Sí, conocimos allá por mediados de los noventa a gente joven y llena de energía que afirmaba con toda seguridad que el cine había empezado con Asesinos natos de Oliver Stone. Qué se puede responder a eso. Cualquier cosa que opongas será tomada como clásico vómito de un aparato digestivo cinematográfico, o musical, ya disfuncional y avejentado.

¡Pero no! Reivindicamos mucho de lo nuevo que hoy mismo se está haciendo, así que esa respuesta es inoportuna e inadecuada, porque no contesta a lo que decimos, sino a algo que no decimos.
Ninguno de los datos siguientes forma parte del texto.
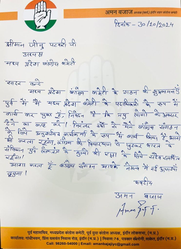 इंदौर शहर के कार्यकारी अध्यक्ष अमन बजाज ने जीतू पटवारी को पत्र लिखकर कहा कि कांग्रेस कमेटी के गठन की शुभकामनाएं। इसके पहले मैं पदाधिकारी के रूप में काम कर चुका हूं। नए लोगों को मौका दिया जाए। बता दें कि बजाज पहले भी प्रदेश महासचिव की भूमिका में रह चुके हैं।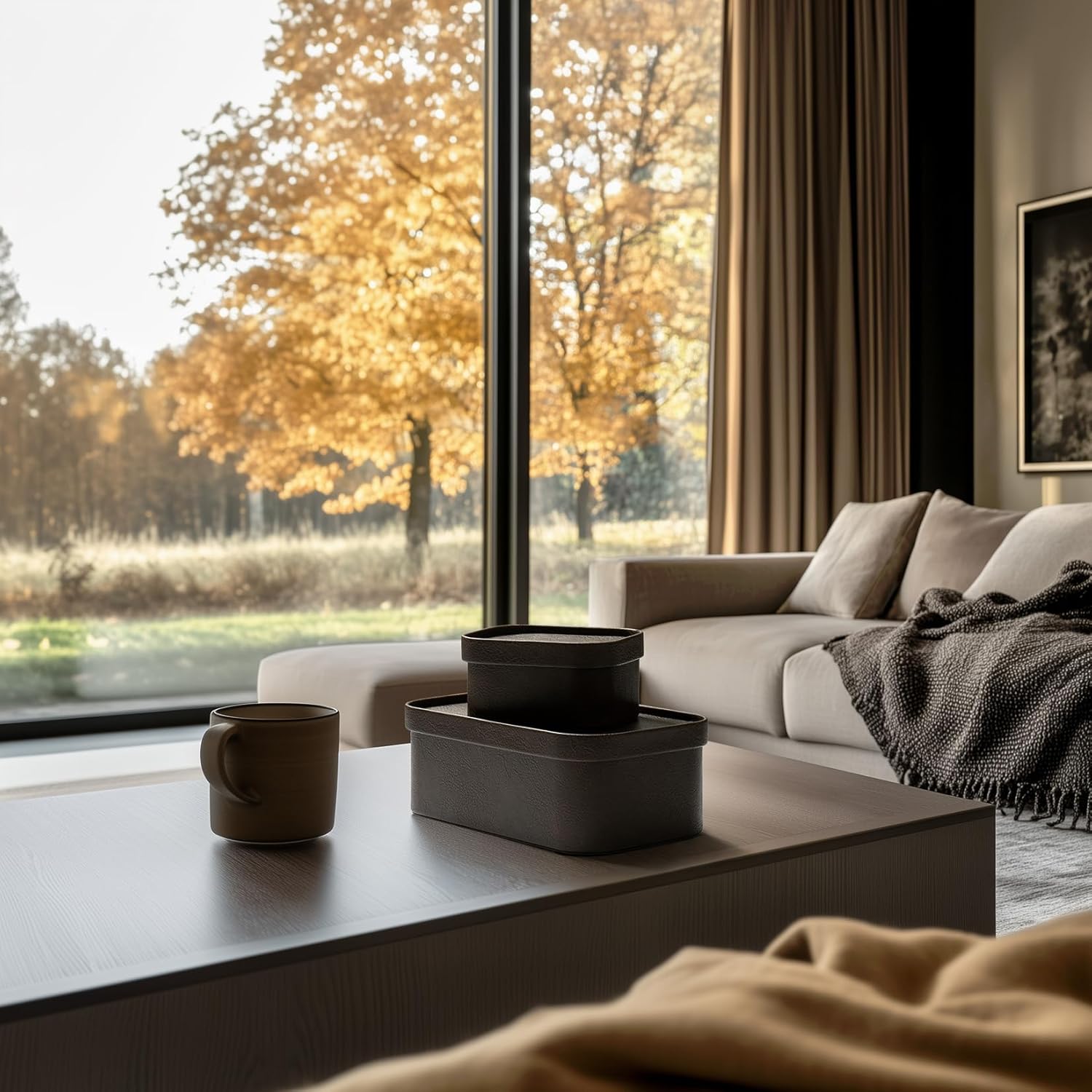 - SUSTAINABLE STYLE MEETS URBAN CHIC: Unleash your inner design maven with our game-changing storage boxes. Dressed in a luxe mocha vegan leather that screams sophistication, these eco-friendly beauties are more than just storage—they're a lifestyle statement. Crafted from premium MDF and wrapped in buttery-smooth vegan leather, these boxes are your ticket to clutter-free, Instagram-worthy spaces

Patata-atún. Cualquiera, desde hace doce o quince años (serán más, seguramente) se ha parado en un semáforo y ha tenido que aguantar que a su lado se parara otro coche, en general de la gama deportivo-cutre-de-los-de-presumir con las ventanas cerradas pero la música audible como si estuvieran abiertas, que te metía hasta lo más profundo de tu tiroides ese ritmo patata-atún, patata-atún, continuo y sin alteraciones. Y como esos figuras de conductores oyentes suelen ser adictos a los tópicos, ponían y ponen sus aparatos a tope de graves, de modo que de melodía, si es que así pudiera llamarse, o de voz (o qué sé yo: pífanos), poco. Bajo eléctrico, probablemente de teclas, o ni siquiera de teclas, sino una cosa bien generada digitalmente, inalterable y continua, patata-atún, patata-atún. Hasta que acababas preguntando a alguien no tan viejo como tú: ¿es que todos escuchan la misma canción? Y tras las risas que te sueltan, y tras las explicaciones, por fin comprendes: no, es que todas esas «canciones» llevan la misma base rítmica, pero con los graves a tope casi sólo se oye esa base rítmica.

Acabáramos.

Porque resulta, y así se va entendiendo más paso a paso, que importa poco la creación musical. No, no vamos a caer en la trampa de definir eso. ¿Por qué tenemos que ser nosotros los que definamos lo que nadie ha podido definir? Tiene que bastar con que digamos: algo del mismo género de cosas que hacían los Pink Floyd o The Flying Burrito Brothers, o Debussy o Liszt. Estos no hicieron pasteles, ni casas, ni cuadros, ni esculturas.

Ni lo dejaron todo pendiente y dependiente del mejor maquillaje y la mejor iluminación para que saliera el mejor plano corto mirando a cámara e interponiendo el dedo corazón de ambas manos bien estirado, saludando así a la audiencia. No la mitad, sino a menudo tres cuartas partes de sus productos parecen ser «lo visual», el vídeo ese que han hecho para presentar… no se sabe muy bien qué: para presentar el vídeo mismo, se diría.

Que se saquen el dedo entre ellos, pues muy bien. Pero a mí que me dejen en paz: con eso no se justifica el patata-atún que intentan adornar con gorgoritos o melismas absurdos, o con cruces de brazos en perfil como de adolescente idiota desafiante de 40 años.